まあうちの妹の目のほうが凄いだろうけどな。
「シーフ君は、血のにじむような努力をして、その強さを身に着けた。いわば努力の結晶でしかない。
一方で、マイちゃんの才能、やばすぎる。色が……今まで見たことないレベルの、とんでもない色してるのよ」
マーキュリーさんの目が輝いてる。
多分、その才能を見極める力を使っているのだろう。
ごくり、と息を飲む音が聞こえた。
まじでビビってるのがわかった。うちの妹すごいだろぉ?
「マイちゃん、スキル付与ってね、理論上不可能とされてるの」
「え? え? ふ、不可能……?」
どういうことだろう?
確かに師匠は、難しいとは言っていたけど。
「付与魔法を用いたスキル付与については、長く魔法学会の間で、議論されてたの。でもね、結論としては、スキルを魔法で付与するのは理論上不可能、って出たのよ」
「え? で、でも……できます、けど……」
そうだ、できる。
でなきゃ、俺は水刃を使えないじゃないか。
「そう。だからね、マイちゃんは、長い年月、頭のいい魔法学者たちが気が遠くなるほど検討し、不可能と結論付けたことを、やったの」
「うぉおお! すげええ! うちの妹は天才だぁ! 元からわかってたけど!」
なぜかマーキュリーさんから、怒りの音が聞こえた。俺に対する。
なぜ俺に対して怒ってるんだろう……?
「マイちゃん。あんまりスキル付与については、他言しないことを勧めるわ。魔法学者たちが知ったら、多分つかまって、解剖実験とかさせられるかも」
「ひぃ! し、シーフ兄さぁん……」
おおマイ! よしよし。
泣くな泣くな!
「大丈夫、マイ。
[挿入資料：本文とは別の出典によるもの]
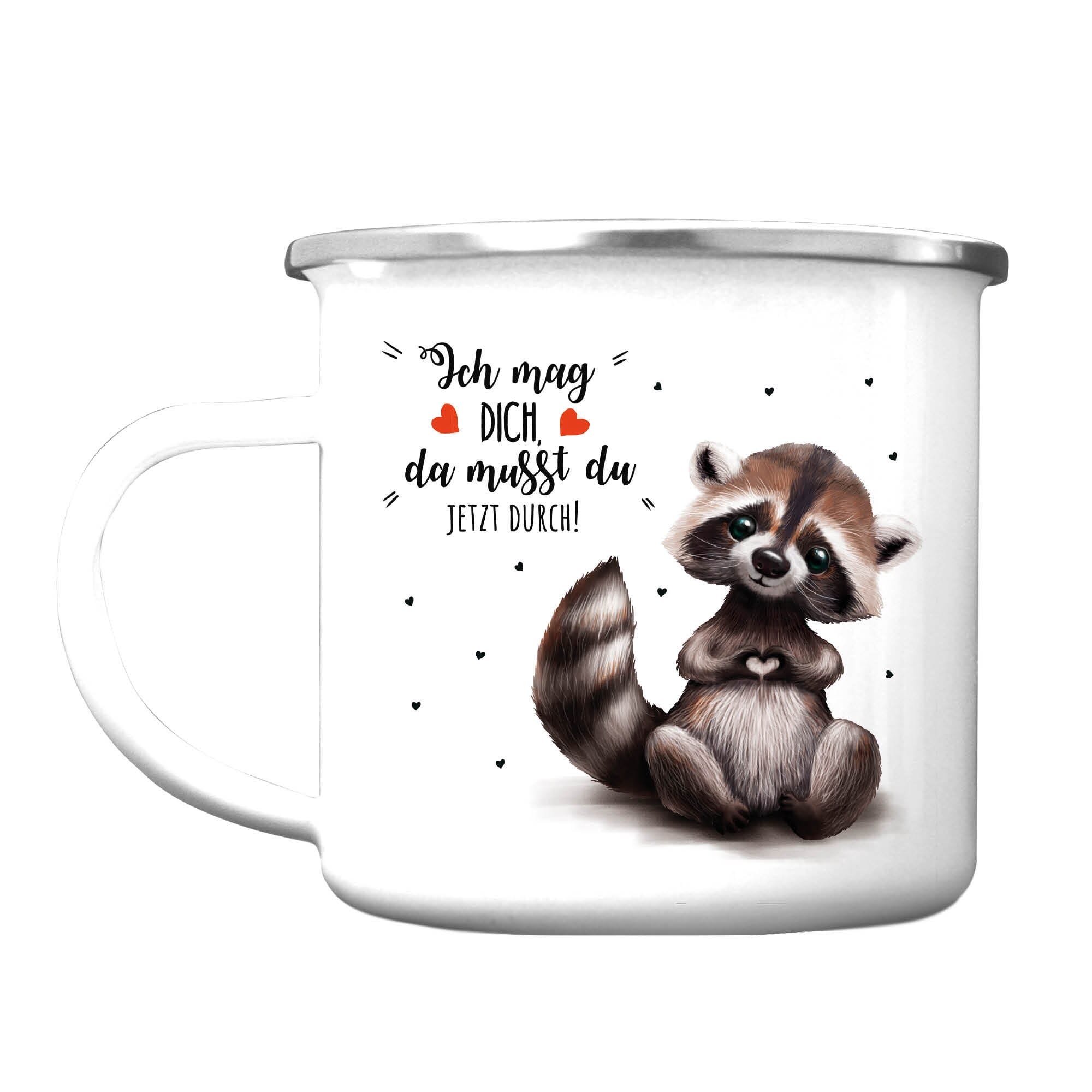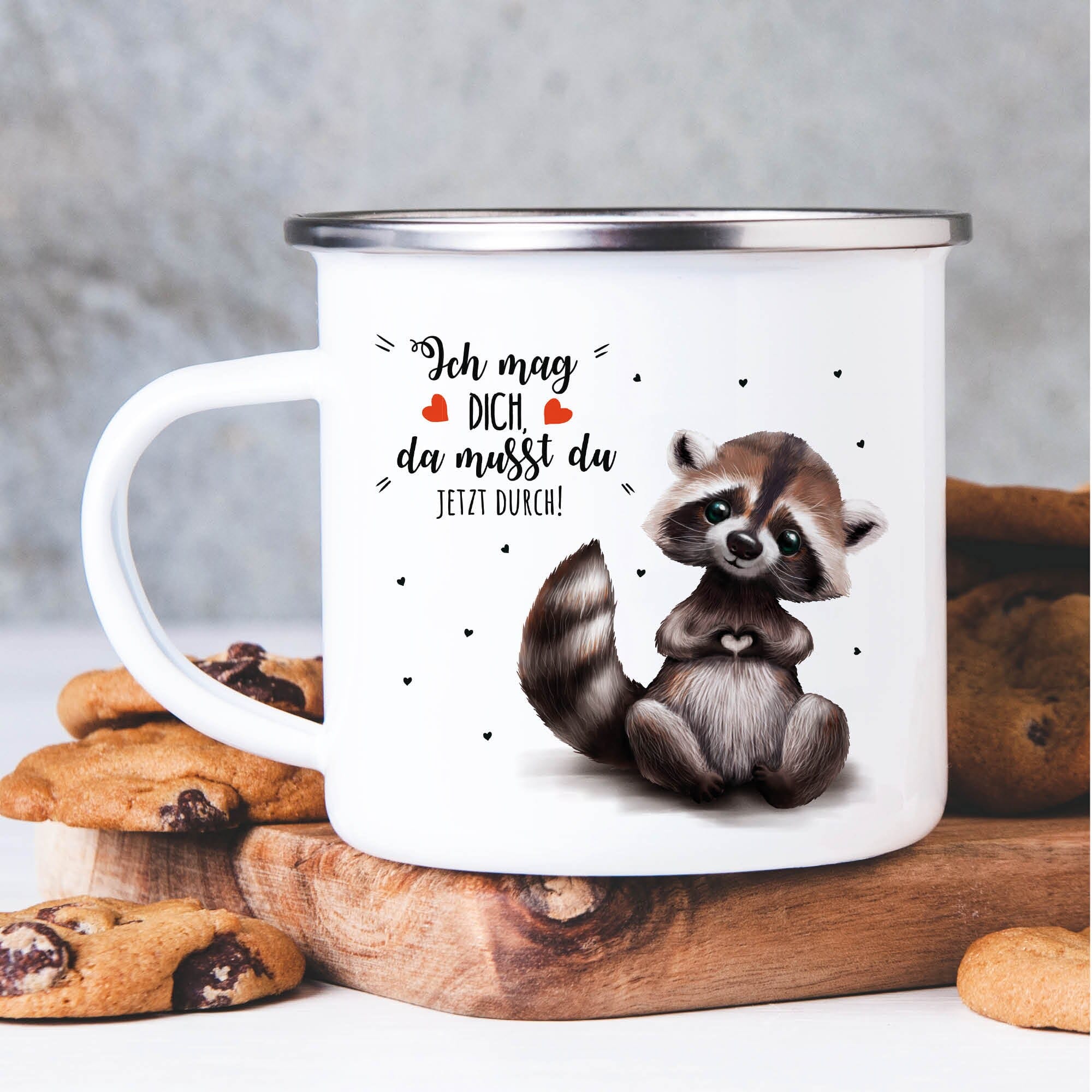 Emaille Campingbecher Waschbär Ich mag dich. Da musst du jetzt durch Kaffeebecher, Geschenk Geburtstag
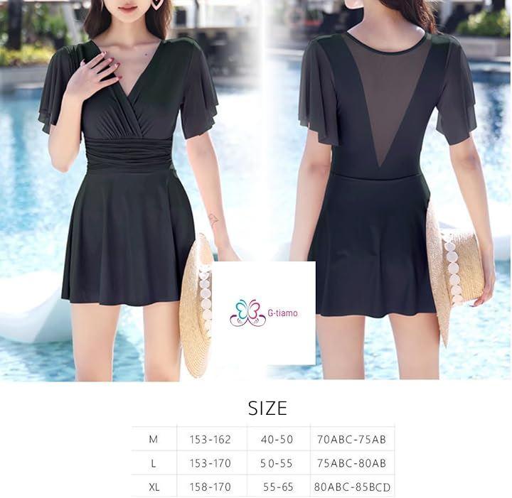 大人カワイイレイヤー風のデザインでインナー水着もワンピースも一体型になっており着替えも楽ちん。
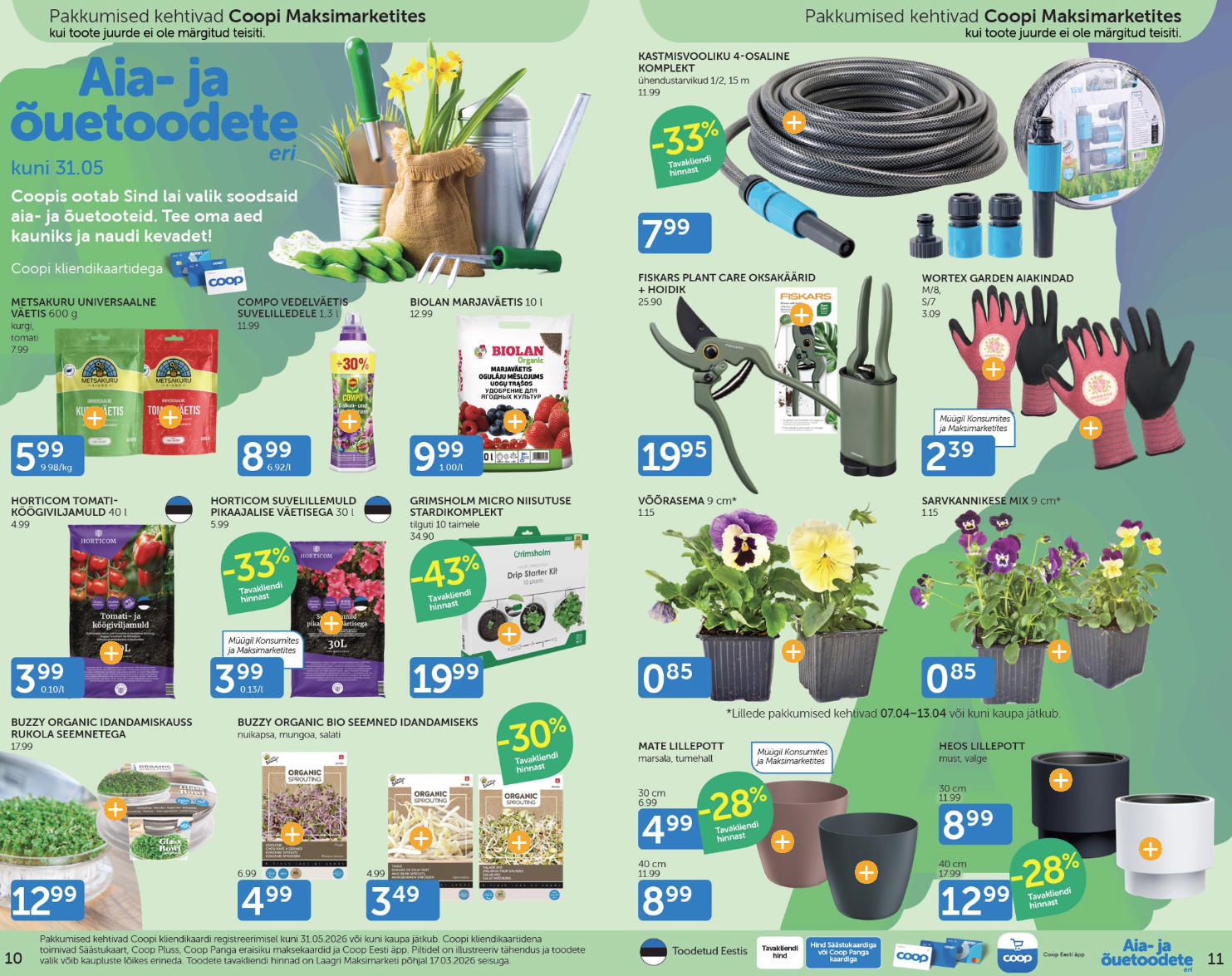 Parimad pakkumised ja istutamiseks vajalik rohenäppudele. Aia- ja õuetoodete eripakkumised Coop kliendikaardi omanikele kuni 31.05.2026.
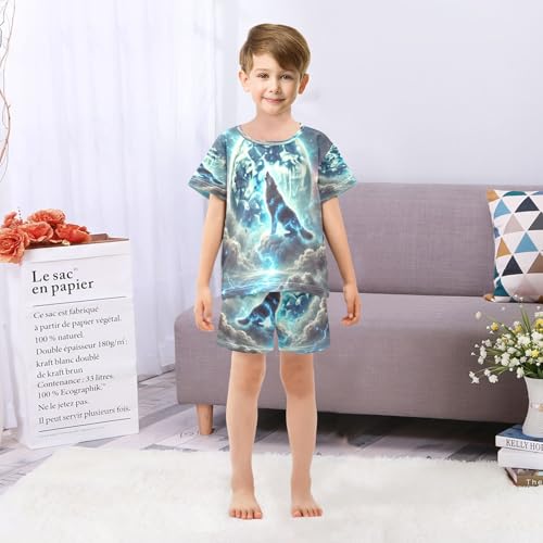 Wolf Moon Blue Pajama Set Short Sleeve Pajamas Shorts Sets Cotton PJS 2 Piece Clothes Set 5Y 6
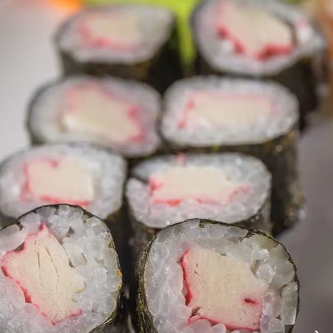 Enrolado com nori e arroz, recheado com Kani
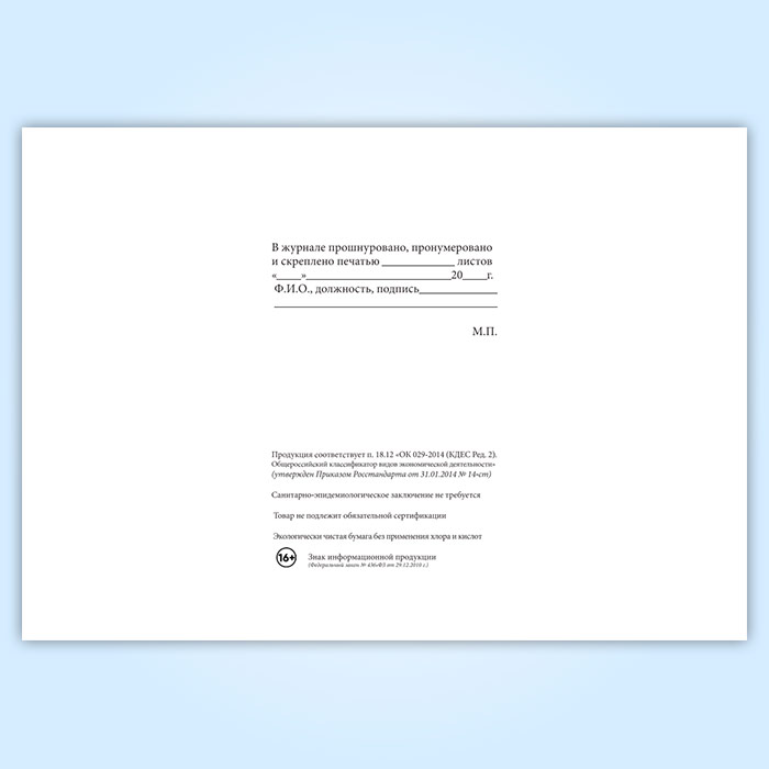 Вы получаете печатную продукцию прошнурованной и c местом для вашей печати в соответствии с действующими нормативными документами:
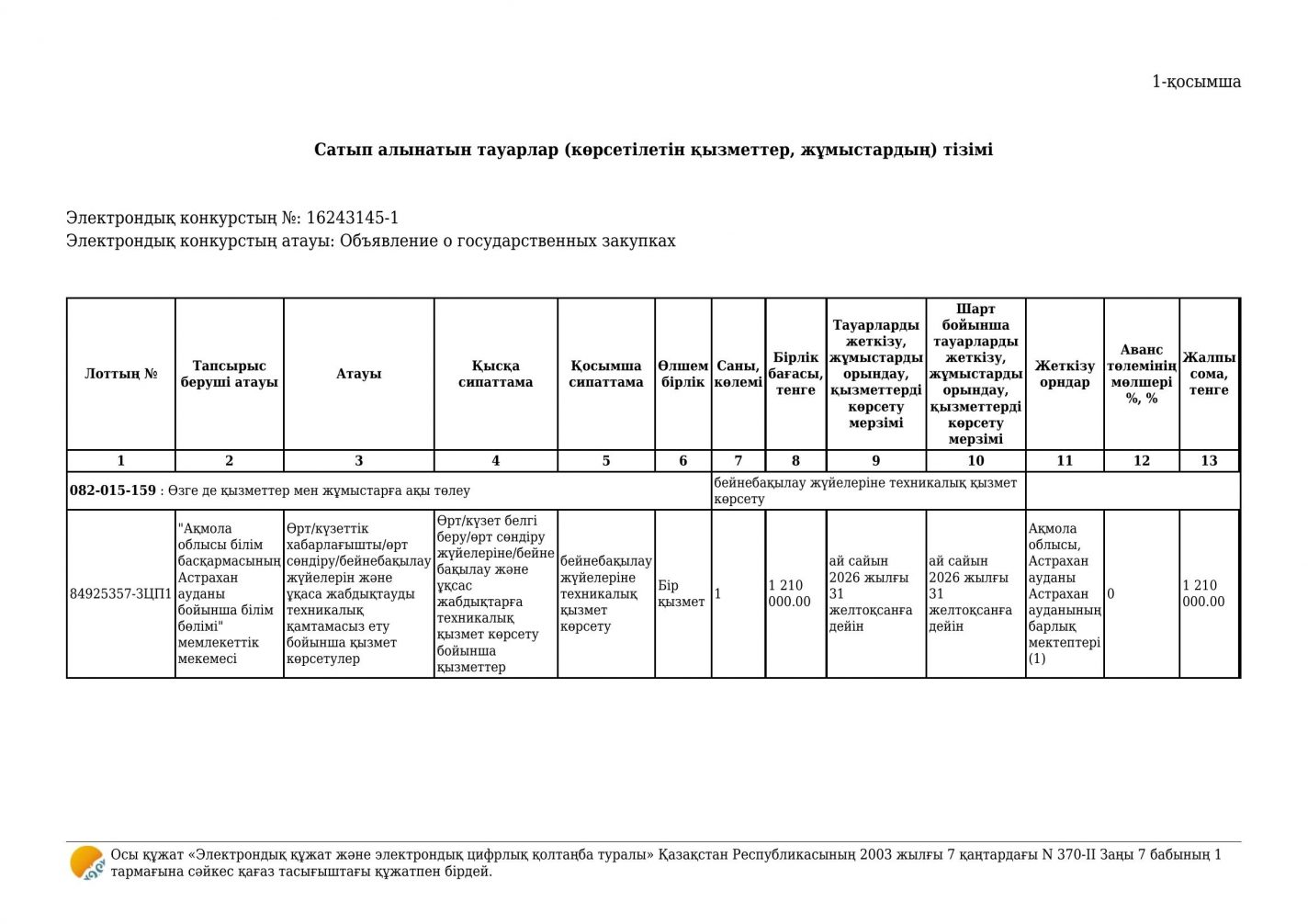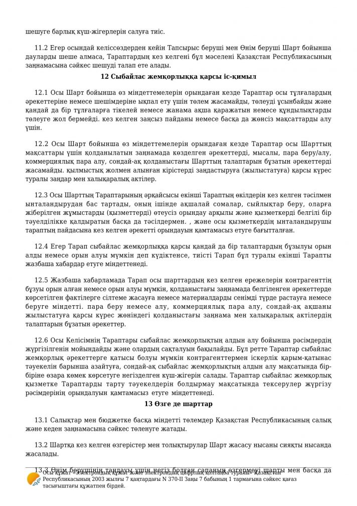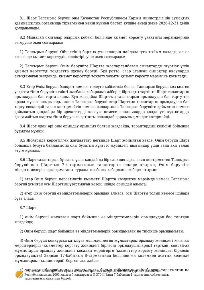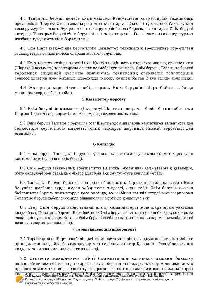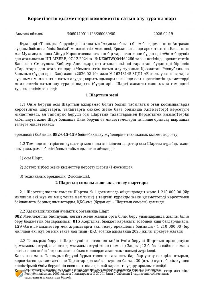 Бейнебақылау жүйесіне техникалық қызмет көрсету шарты
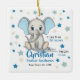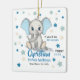 Cute Baby Elephant with Blue Ears Boy Birth Stats Ceramic Ornament

兄ちゃんがおまえを変態どもの手から守ってやるからな! 全員奪命してやる!」
「するな!」
マーキュリーさんからは、どっと疲れたような音が聞こえてきた。
「薬草拾い位で何つかれてるの?」
「怒らないぞ……あたしはもう怒らんぞ……話が進まないからね」
「なんで怒ってるんだよ?」
「おまえのせいじゃぁああああああ!」
マーキュリーさんが俺にヘッドロックかけてくる。
いてええ。
「はぁ……で、どこまで話したっけ」
「マイのスキル付与がやばいって話」
「そうだった。だからねマイちゃん、スキル付与はお兄さんにだけ使いなさい。バレると大変なことになるからね」
こくんこくん、とマイが素直にうなずく。
うちの妹は素直でいい子だなぁ。
「で、シーフ君。最後に、君薬草だけを正確に見抜いて、手に入れてたけど、あれは?」
「ああ。水刃で切った薬草の、風でこすれる音から、薬草だけをピックアップして、あとはスキル【粘糸】で薬草を回収しただけだよ」
雑草と薬草では、繊維や含まれている薬効成分が異なる。
草がこすれる音から、それらを聞き取って、粘糸でマーキング。
あとは引っ張って一個にまとめた、という感じだ。
■粘糸
→魔力で作った、粘性を帯びた糸を射出する。どこにでも貼り付けられ、良く伸び、良く縮む。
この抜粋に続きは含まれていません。